▶ ABOUT THIS TASK
Look through the data below and output, unchanged, every line from the one holding "- في مدينة الباحة: العظمى" through the one holding "本次集体备课会由张鑫老师围绕", inclusive. Skip the pictures.

▶ DATA FOR ANALYSIS
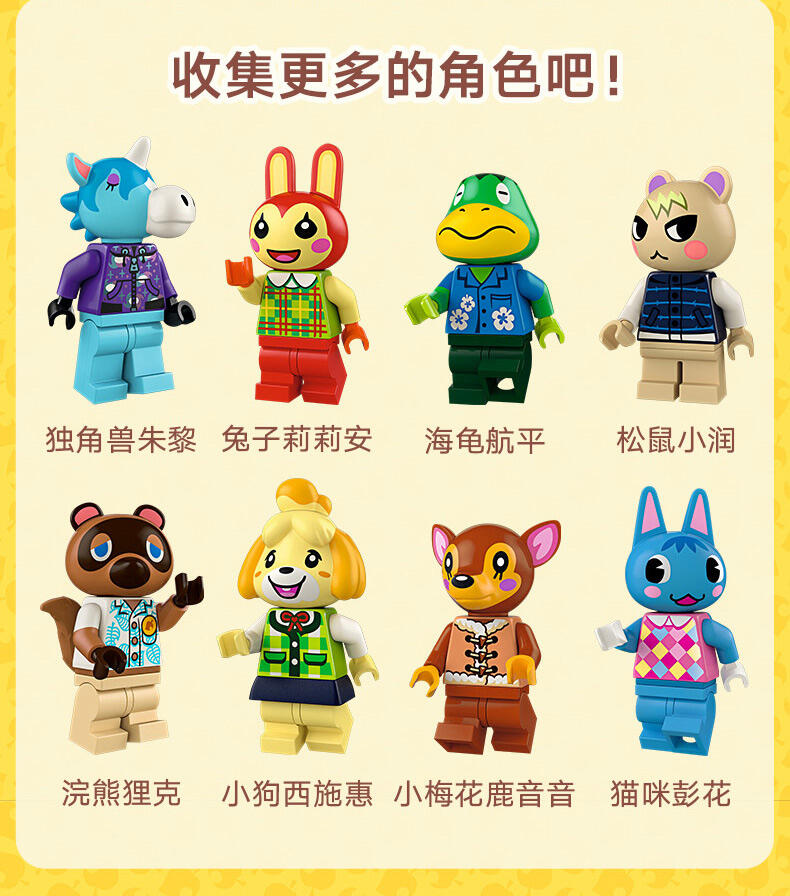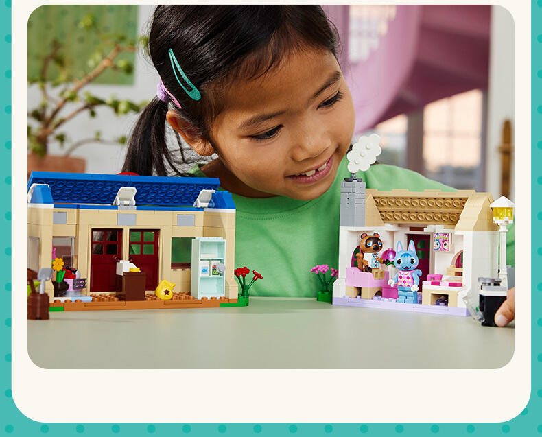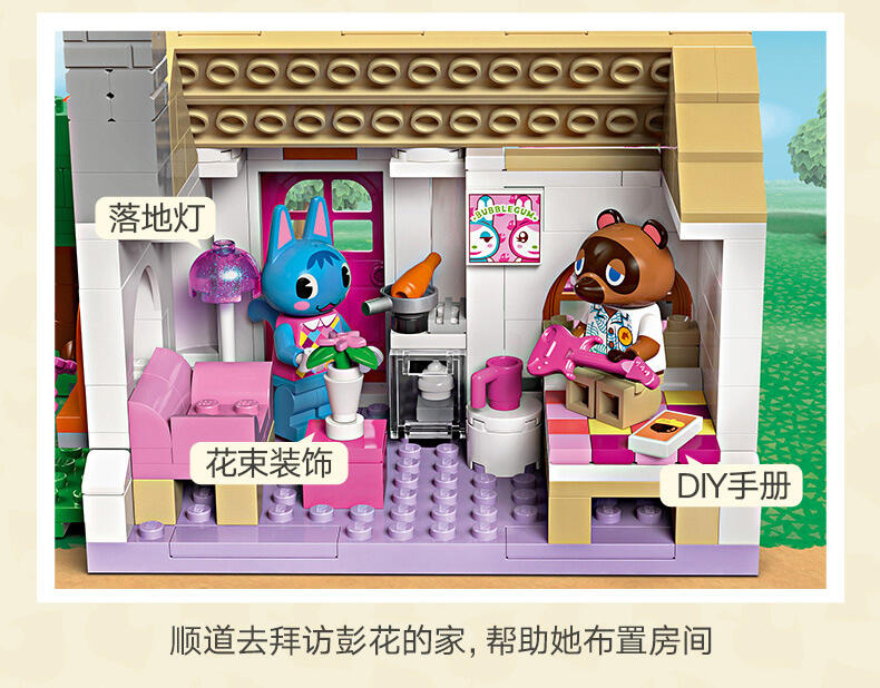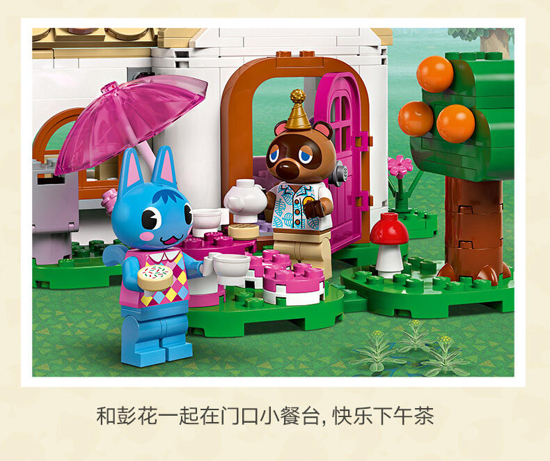 拼搭源自电子游戏系列《动物森友会》的场景,与彭花和狸克一起玩乐。前往 Nook 商店,储备工具及其它物品。接着拜访彭花,拉把椅子坐下。那是什么味道?那是从彭花厨房中飘出的纸杯蛋糕香味!帮助彭花重新布置她的家,变换其外观。定制两座建筑,使它们里里外外看起来就像你希望的那样!
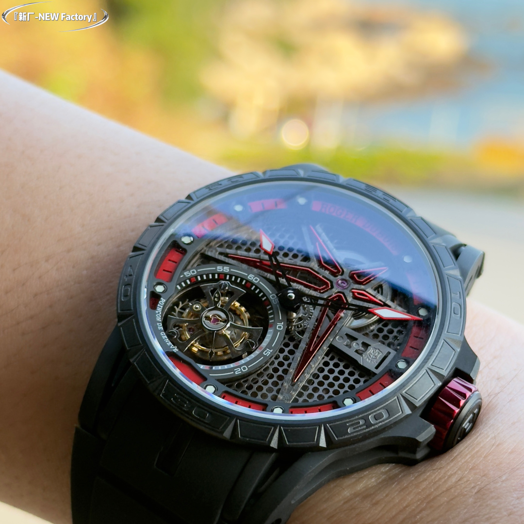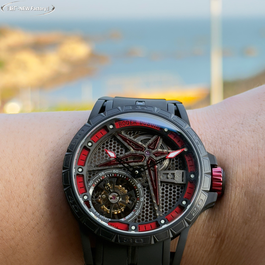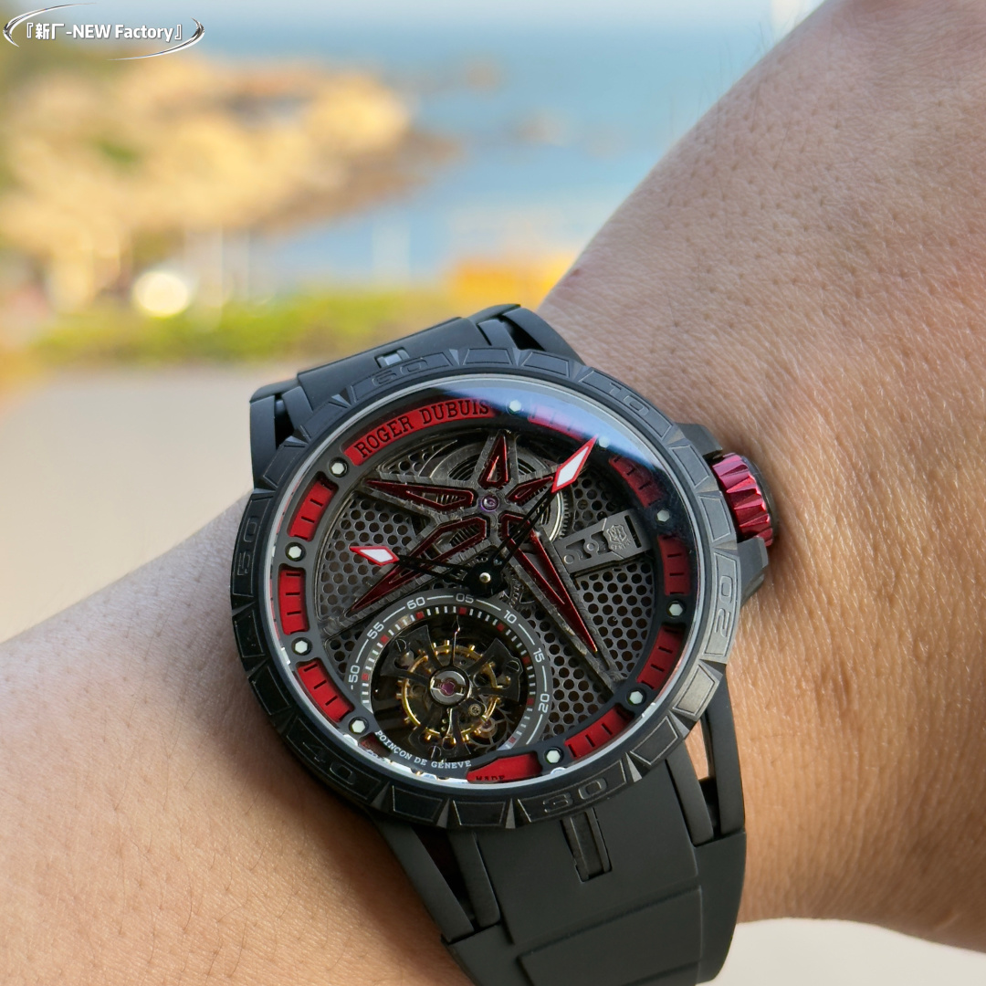 这款手表是AAAAA 1:1 质量 (非常棒). 使用了和原版一模一样的材料. 商标部分也保持了和Roger Dubuis一样. 图片拍摄是实物手表拍摄, 您所收到的实物保证和我们图片一模一样.
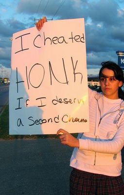 取材に対して、彼女はこの1時間半の間に通りがかった車から57回クラクションを鳴らされたと答えています。また、わざわざ車から降りてきてハグした り、「グッド・ラック」と声をかけてくれる人もいたそうです。今年の夏の始めに浮気をしたのがばれたジェスさんは付き合っていたフィアンセの彼に婚約を破棄されてしまいました。彼のことがどうしてもあきらめきれないジェスさんは、交際1周年の記念日に罪滅ぼしのつもりでこの行動に出たのでした。以下、彼女 のコメントです。
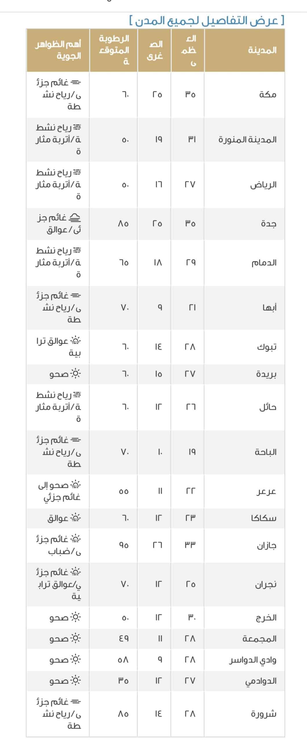 - في مدينة الباحة: العظمى 19 والصغرى 10 وتوقعات بأن يكون الطقس غائمًا جزئيًا مع وجود رياح نشطة.
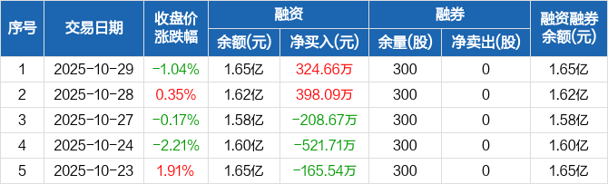 融资方面,当日融资买入521.35万元,融资偿还196.69万元,融资净买入324.66万元。融券方面,融券卖出0股,融券偿还0股,融券余量300股,融券余额1707元。融资融券余额合计1.65亿元。
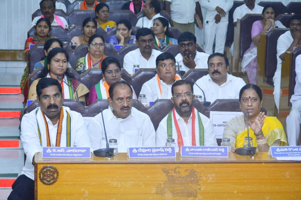 గ్రేటర్ వరంగల్ మున్సిపల్ కార్పొరేషన్ కార్యాలయంలో మేయర్ గుండు సుధారాణి అధ్యక్షతన నిర్వహించిన సర్వసభ్య సమావేశంలో అటవీ పర్యావరణ దేవాదాయ ధర్మాదాయ శాఖల మంత్రులు కొండా సురేఖ మరియు పశ్చిమ ఎమ్మెల్యేలు నాయిని రాజేందర్ రెడ్డి, రేవూరి ప్రకాష్ రెడ్డి తో కలిసి పాల్గొన్న వర్ధన్నపేట ఎమ్మెల్యే విశ్రాంత ఐపీఎస్ అధికారి కేఆర్ నాగరాజు.ఈ సందర్భంగా సభ మొదటగా 61వ డివిజన్ కార్పొరేటర్ దివంగత ఎలకంటి రాములు మరణానికి సంతాపం తెలియజేసి, మౌనం పాటించింది.
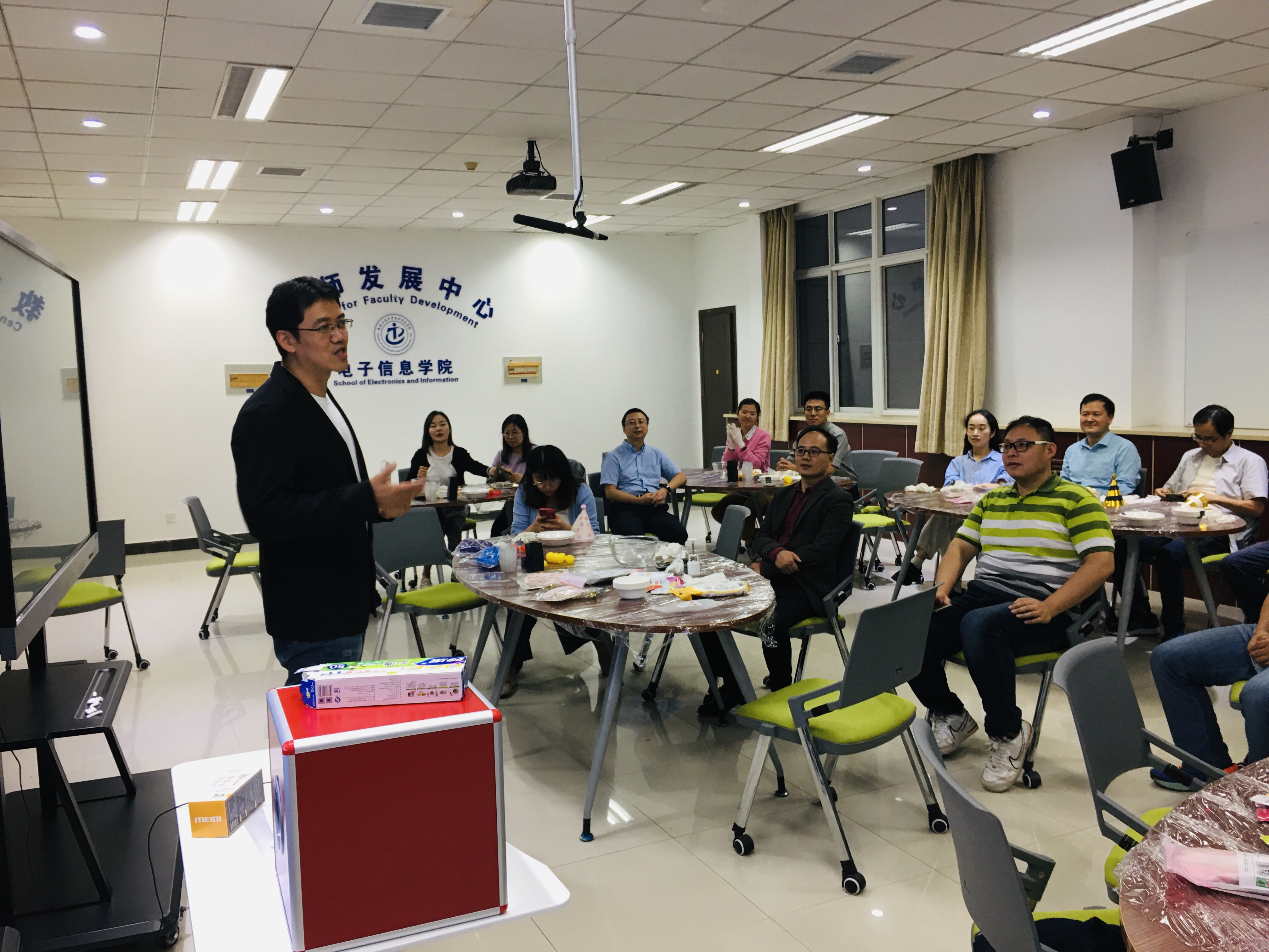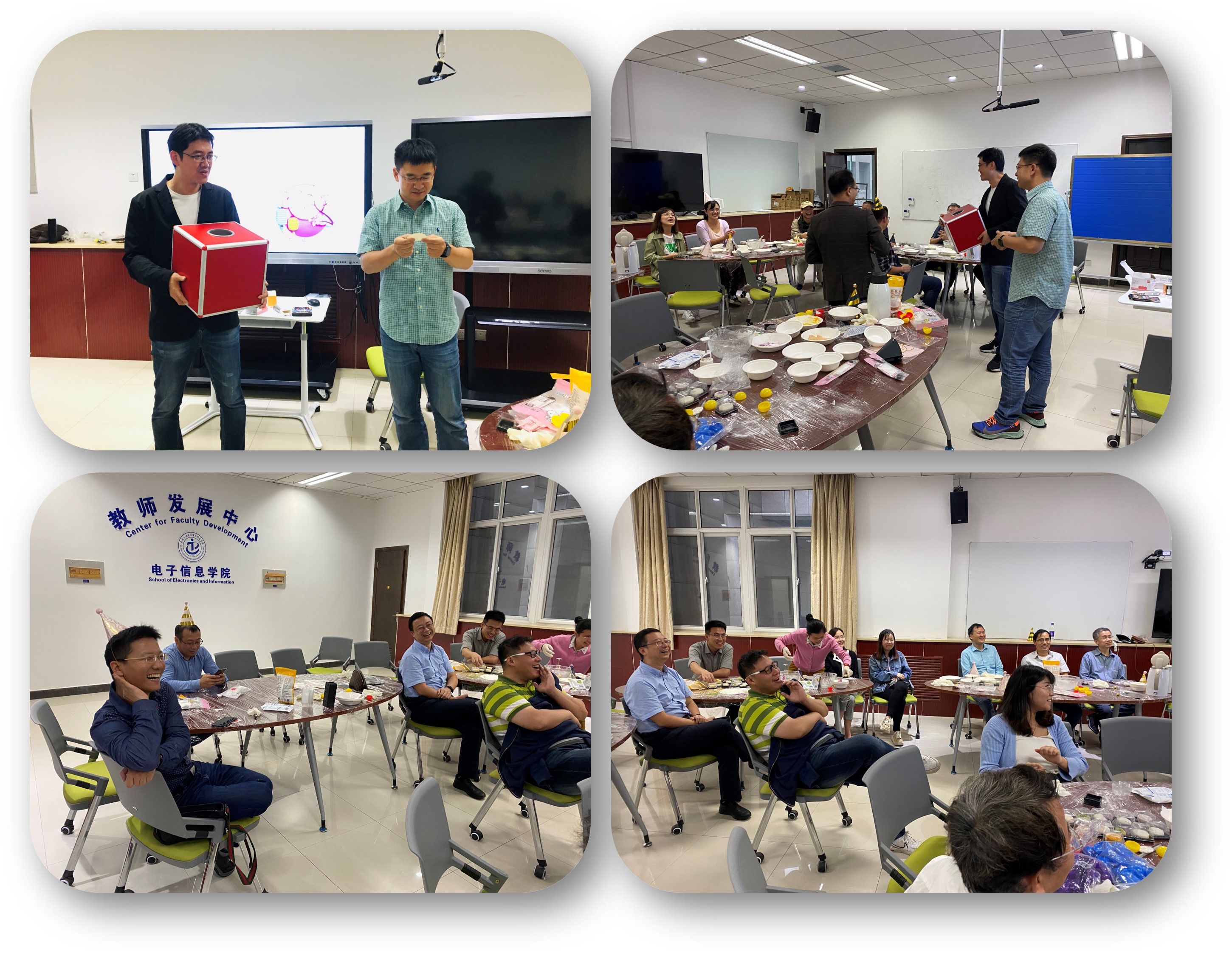为丰富和活跃教职工文化生活,增强教师队伍的凝聚力和战斗力,9月18日下午,点点taptap二十余名教师齐聚院教发中心275室为九、十月份生日的教职工举办“共迎中秋”集体生日会。公司领导和教师们欢聚一堂,其乐融融,共迎佳节,共度生日。
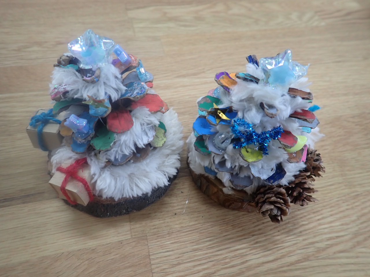 大きなまつぼっくりツリーでした。ポスカで色を塗ってから、毛糸やビーズで飾り付け。
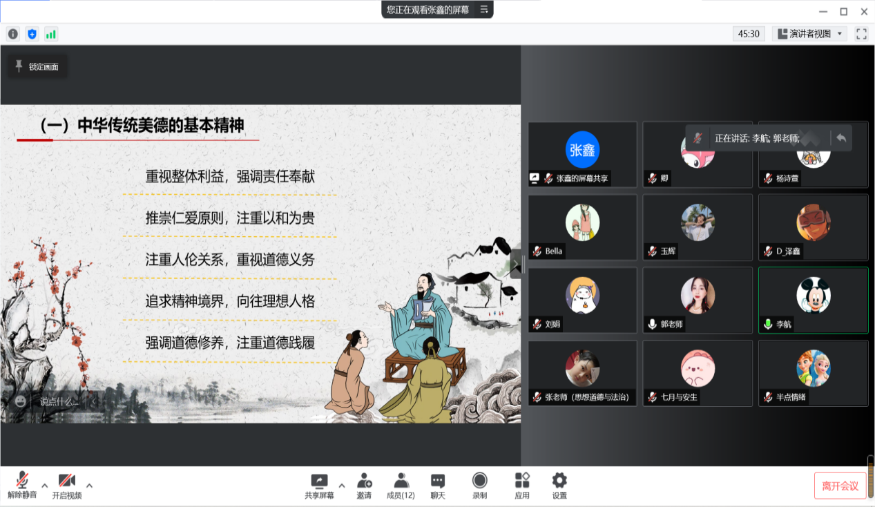 本次集体备课会由张鑫老师围绕《思想道德与法治》第五章第二节内容,以“中华传统美德的创造性转化和创新性发展”“中国革命道德的当代价值”为重点,运用疫情中展现的中国精神、中国力量、中国担当,引导学生学史力行,知行合一。
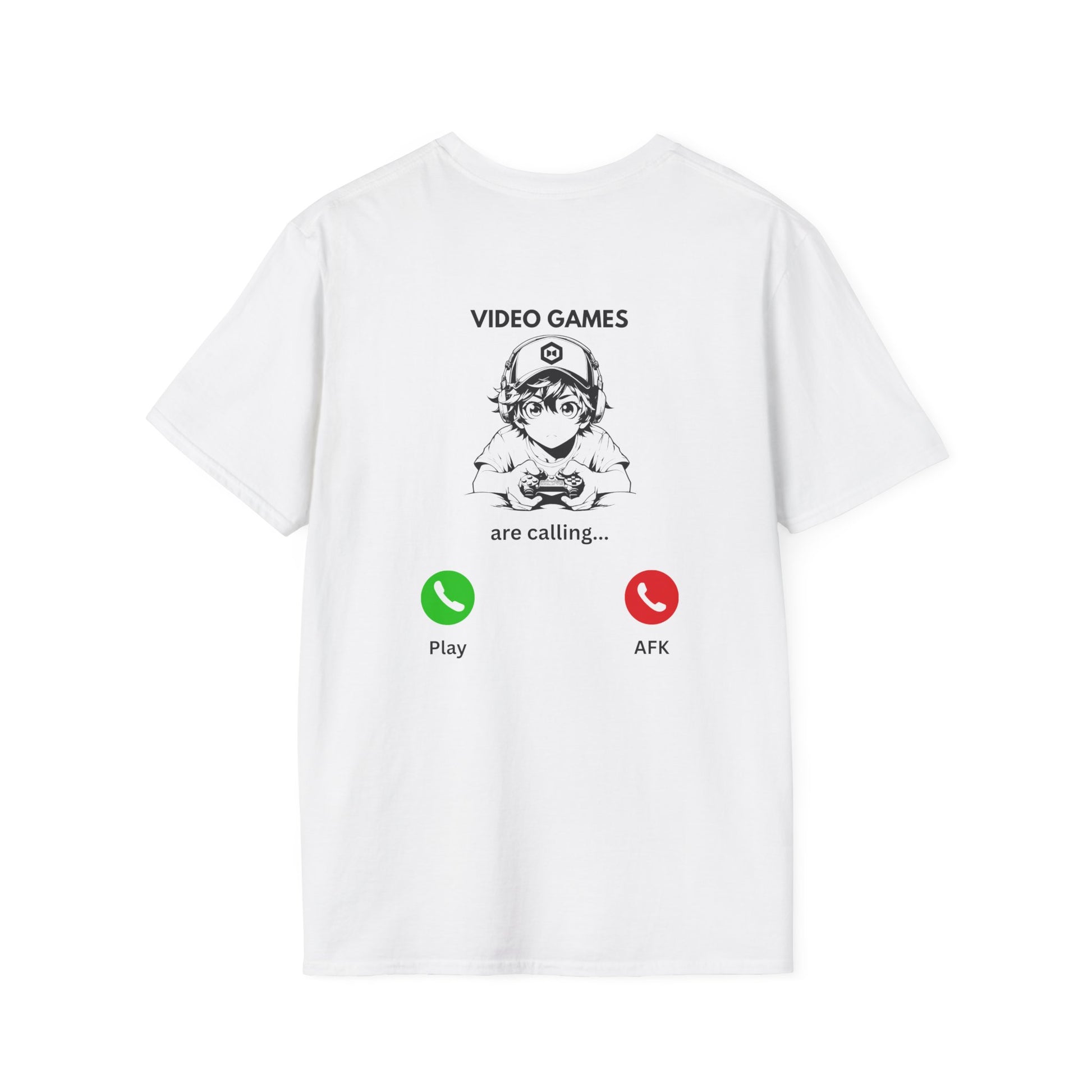 A lightweight cotton tee that speaks to players who live for the next match. This classic crew-neck shirt features a minimalist chest logo and a bold back illustration: an engrossed gamer with the words “VIDEO GAMES are calling...” and call-style Play / AFK icons. It drapes casually, holds its shape, and keeps printed details crisp thanks to a smooth ring-spun knit that’s made for everyday wear. Wear it during late-night sessions, meetups, or while streaming — it reads like a shared inside joke among friends who choose the controller over the rest of the world.

▶ SOLUTION FOR THIS PROBLEM
 - في مدينة الباحة: العظمى 19 والصغرى 10 وتوقعات بأن يكون الطقس غائمًا جزئيًا مع وجود رياح نشطة.
 融资方面,当日融资买入521.35万元,融资偿还196.69万元,融资净买入324.66万元。融券方面,融券卖出0股,融券偿还0股,融券余量300股,融券余额1707元。融资融券余额合计1.65亿元。
 గ్రేటర్ వరంగల్ మున్సిపల్ కార్పొరేషన్ కార్యాలయంలో మేయర్ గుండు సుధారాణి అధ్యక్షతన నిర్వహించిన సర్వసభ్య సమావేశంలో అటవీ పర్యావరణ దేవాదాయ ధర్మాదాయ శాఖల మంత్రులు కొండా సురేఖ మరియు పశ్చిమ ఎమ్మెల్యేలు నాయిని రాజేందర్ రెడ్డి, రేవూరి ప్రకాష్ రెడ్డి తో కలిసి పాల్గొన్న వర్ధన్నపేట ఎమ్మెల్యే విశ్రాంత ఐపీఎస్ అధికారి కేఆర్ నాగరాజు.ఈ సందర్భంగా సభ మొదటగా 61వ డివిజన్ కార్పొరేటర్ దివంగత ఎలకంటి రాములు మరణానికి సంతాపం తెలియజేసి, మౌనం పాటించింది.
为丰富和活跃教职工文化生活,增强教师队伍的凝聚力和战斗力,9月18日下午,点点taptap二十余名教师齐聚院教发中心275室为九、十月份生日的教职工举办“共迎中秋”集体生日会。公司领导和教师们欢聚一堂,其乐融融,共迎佳节,共度生日。
 大きなまつぼっくりツリーでした。ポスカで色を塗ってから、毛糸やビーズで飾り付け。
 本次集体备课会由张鑫老师围绕《思想道德与法治》第五章第二节内容,以“中华传统美德的创造性转化和创新性发展”“中国革命道德的当代价值”为重点,运用疫情中展现的中国精神、中国力量、中国担当,引导学生学史力行,知行合一。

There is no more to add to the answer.